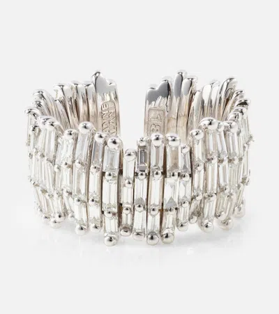 18k White Gold Fireworks Short Stack Diamond Ring In Metallic
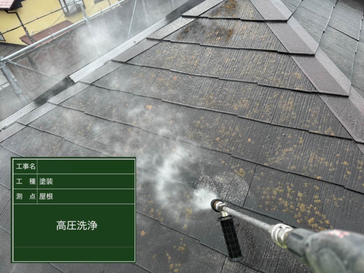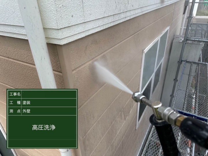汚れが残ったままだと、ムラやはがれの原因になりまするので、高圧洗浄で下地を整えます。
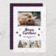 Cute purple photo Meowy Christmas card featuring three photos, snow and paw prints on the front and a snowy background at the back. Easily personalize this cute photo Christmas card with your photos, family name and the year.

• WORK ORDER: Line by line and exactly, write out the material above. Skip the pictures.

• EXERCISE SOLUTION:
 18k White Gold Fireworks Short Stack Diamond Ring In Metallic
汚れが残ったままだと、ムラやはがれの原因になりまするので、高圧洗浄で下地を整えます。
 Cute purple photo Meowy Christmas card featuring three photos, snow and paw prints on the front and a snowy background at the back. Easily personalize this cute photo Christmas card with your photos, family name and the year.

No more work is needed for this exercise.